Francis, birçok LGBTQ+ Katolik, önde gelen savunucularla sık sık bir araya gelmişti. Papa Francis, LGBTQ+ insanların suçlulaştırılmasını "yanlış" olarak tanımlamadan önce eşcinsel olmanın "suç olmadığını" söylemişti. Uganda'nın Eşcinsellik Karşıtı Yasası'nı kınamış ve "ayrımcılık bir günahtır ve LGBTQ+ topluluklarına yönelik şiddet kabul edilemez" demişti.

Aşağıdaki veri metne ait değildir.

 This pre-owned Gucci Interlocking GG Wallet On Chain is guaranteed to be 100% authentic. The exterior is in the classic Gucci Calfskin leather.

Robert Prevost Peru'da bir piskopos olarak görev yaptığı dönemde okullarda cinsiyet hakkında eğitim verilmesine yönelik bir hükümet planına karşı çıkmış. Yerel haber medyasına verdiği bir demeçte, "Cinsiyet ideolojisinin teşviki kafa karıştırıcıdır çünkü var olmayan cinsiyetler yaratmayı amaçlamaktadır." ifadelerini kullanmış.
The New York Times'ın bildirdiğine göre, 2012'de piskoposlara hitaben yaptığı bir konuşmada Prevost, Batılı haber medyasının ve popüler kültürün "müjdeyle çelişen inanç ve uygulamalara sempati" beslediğinden yakınmış. "Eşcinsel yaşam tarzı" ve "eşcinsel partnerlerden ve evlat edindikleri çocuklardan oluşan alternatif aileler"den bahsetmiş.

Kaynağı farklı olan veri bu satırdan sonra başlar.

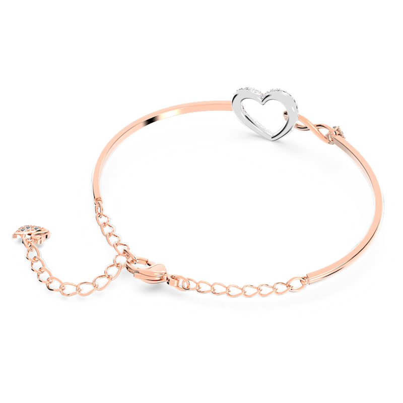 Un simbolo di amore infinito: Questo elegante bangle Swarovski mette in risalto i simboli di amore ed eternità intrecciati tra loro. Decorato con cristalli Swarovski bianchi, il motivo a forma di cuore completa alla perfezione il simbolo dell’infinito, per un look davvero romantico. Un mix di placcature del metallo bilancia alla perfezione tonalità calde e fredde, per completare il design. È una meravigliosa idea regalo (e una promessa) per una persona speciale.
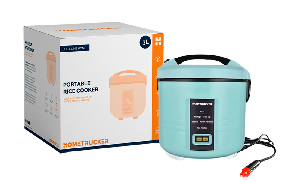 La arrocera portátil modelo ARPOR de la marca HomTrucker es la solución perfecta para los conductores de camiones y usuarios de autocaravanas que desean una comida casera en el camino.
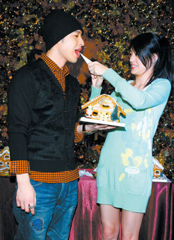 潘瑋柏(左)手不靈活,江語晨代勞喂他吃奶油。
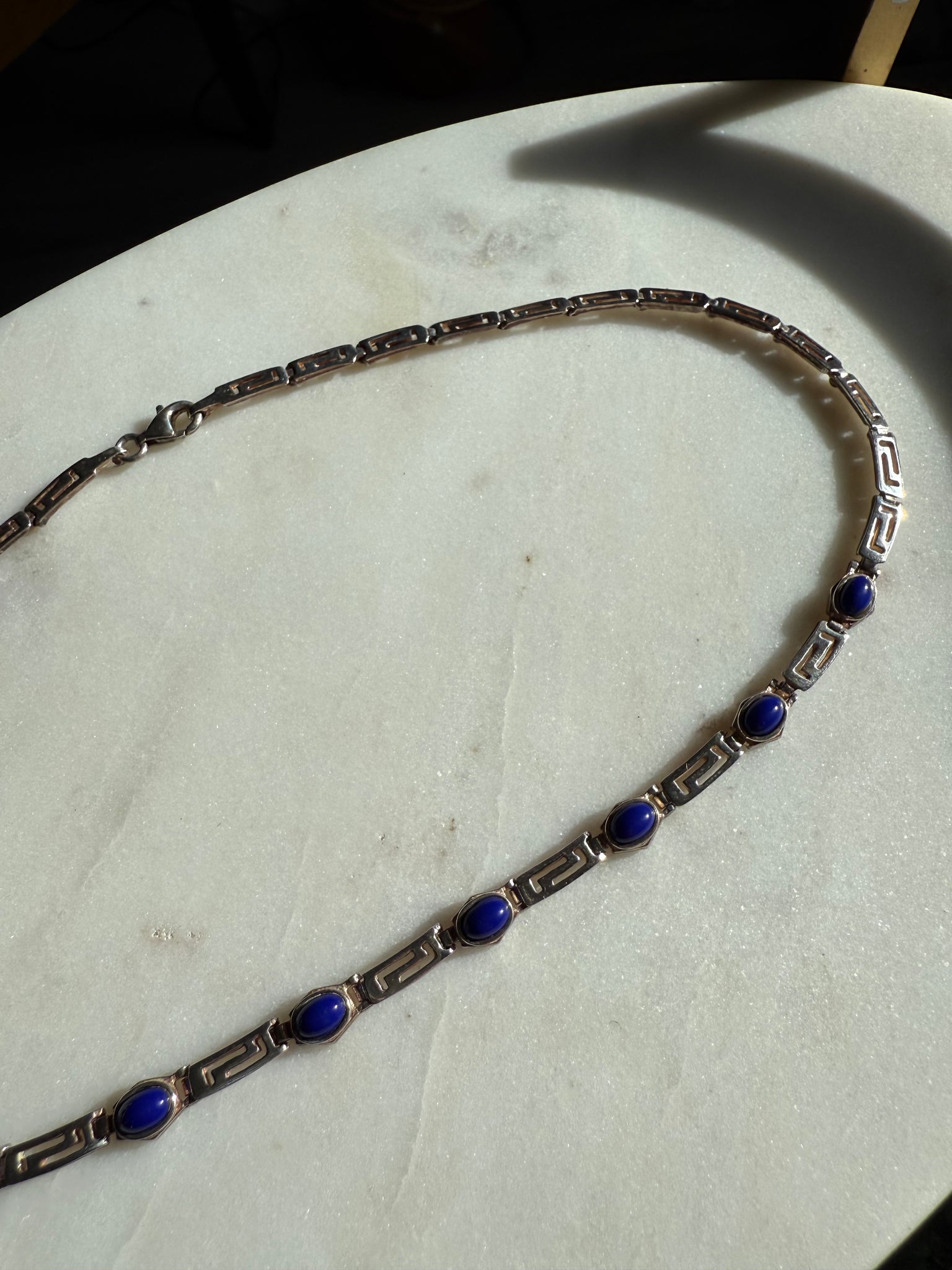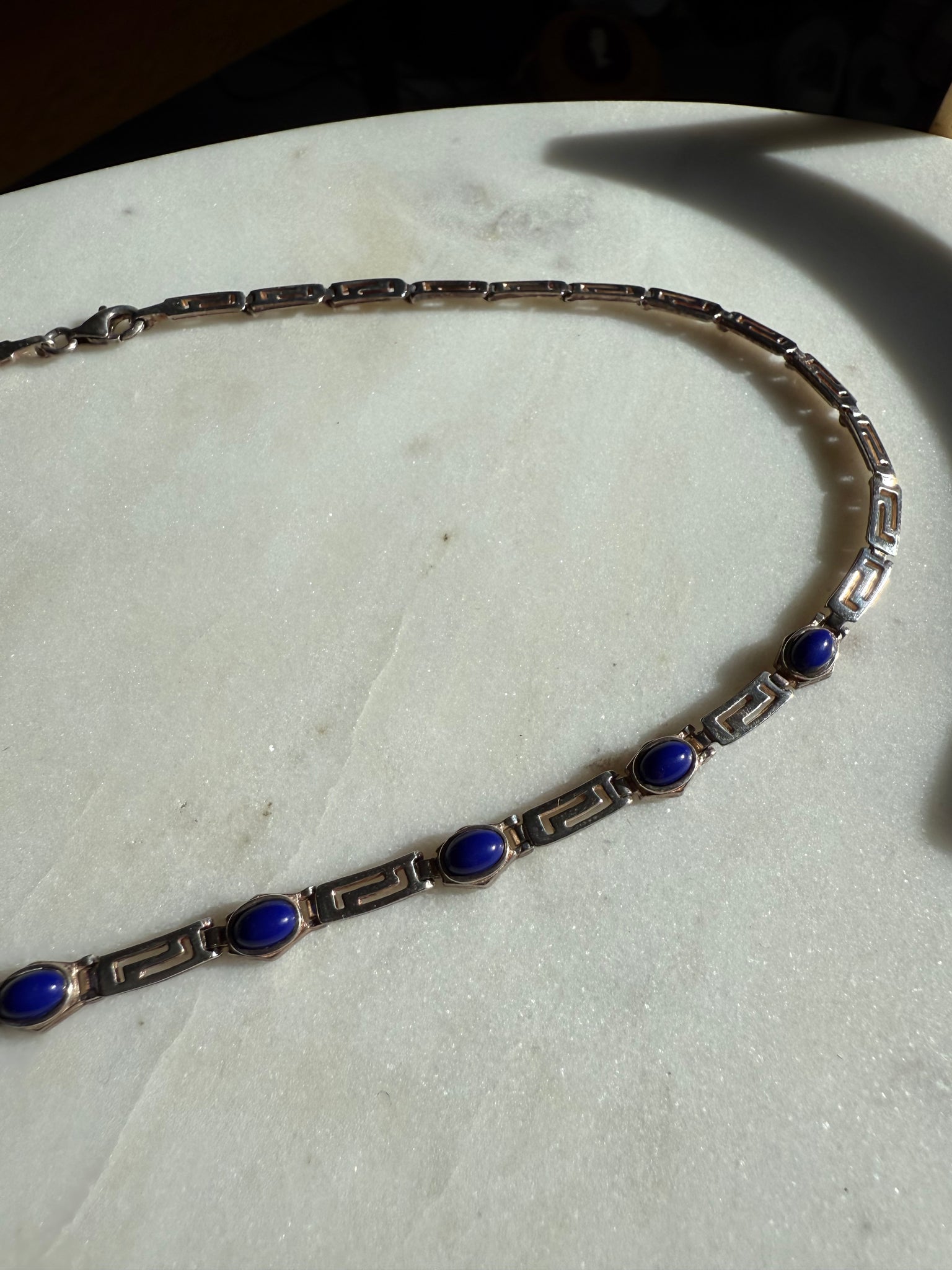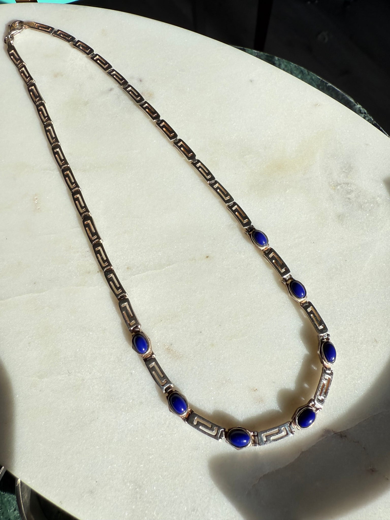 Vintage Lapis Greek Key Sterling Silver Necklace 17”
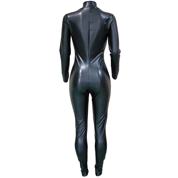 Fashion Long Sleeve Stand Collar High Waist Slim Fit PU Leather Jumpsuit
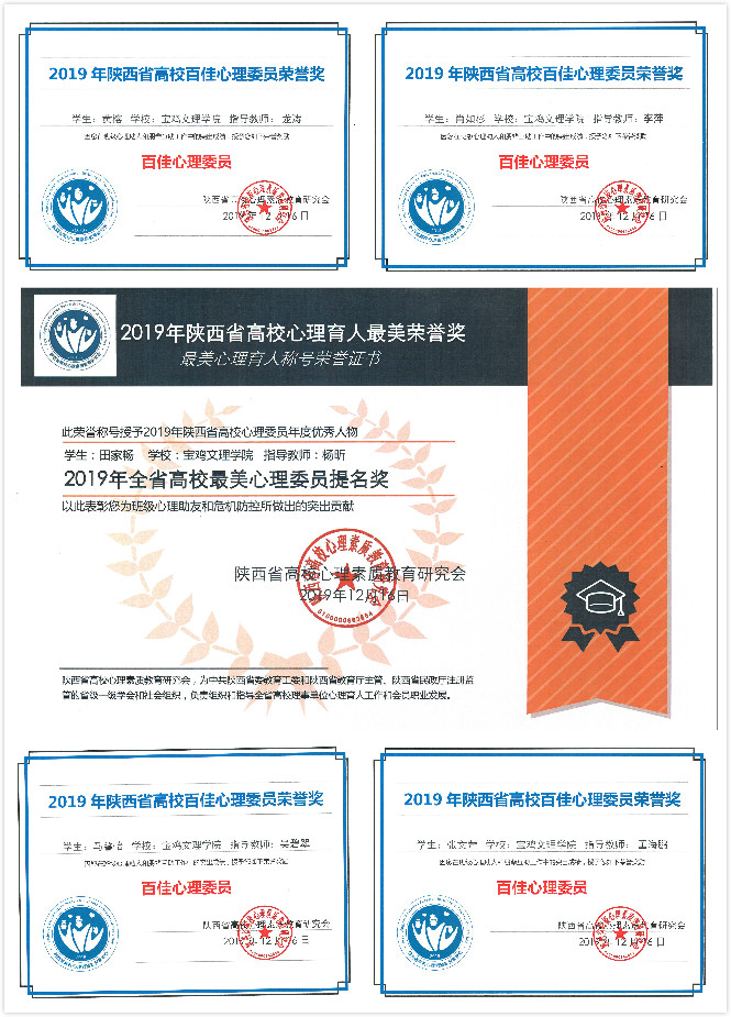 在2019年陕西省高校最美心理委员和百佳心理委员评选中,地理与环境学院田佳畅荣获2019年陕西省高校最美心理委员提名奖,经济管理学院张文萱、地理与环境学院黄榕、文学与新闻传播学院肖如彬、马馨怡荣获2019年陕西省高校百佳心理委员荣誉称号;杨昕、董海鹏、龙涛、李萍、吴碧翠等荣获优秀指导教师。
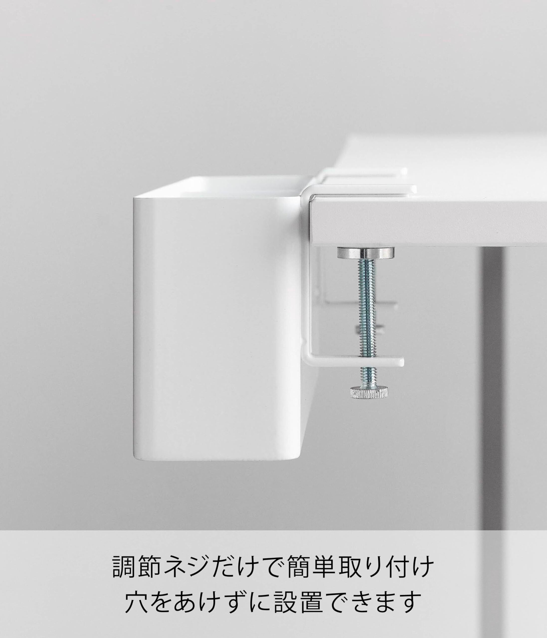 本体サイズはW30×D10×H9.5~11cmで、テーブルやデスクの横にぴったりフィット。調節ネジにより高さを調整できるため、様々な家具に対応し、使いやすい位置に設置できます。
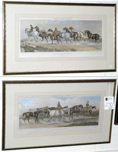 PAIR OF ENGLISH LITHOGRAPHS, Fores Road Scenes, 11"x25" sight, 19th century, SHIPPING: See recommended third party shippers. This item can't be packed or shipped by seller.

Bu açıklamaları selefi Papa Francis'in LGBTQ+ topluluğuna yönelik daha kapsayıcı yaklaşımıyla çelişiyor. Papa, 2023 yılında eşcinselliği suç sayan yasaları "adaletsiz" olarak eleştirerek, Tanrı'nın tüm çocuklarını olduğu gibi sevdiğini söylemiş ve yasaları destekleyen Katolik piskoposları LGBTQ+ insanları kiliseye kabul etmeye çağırmıştı.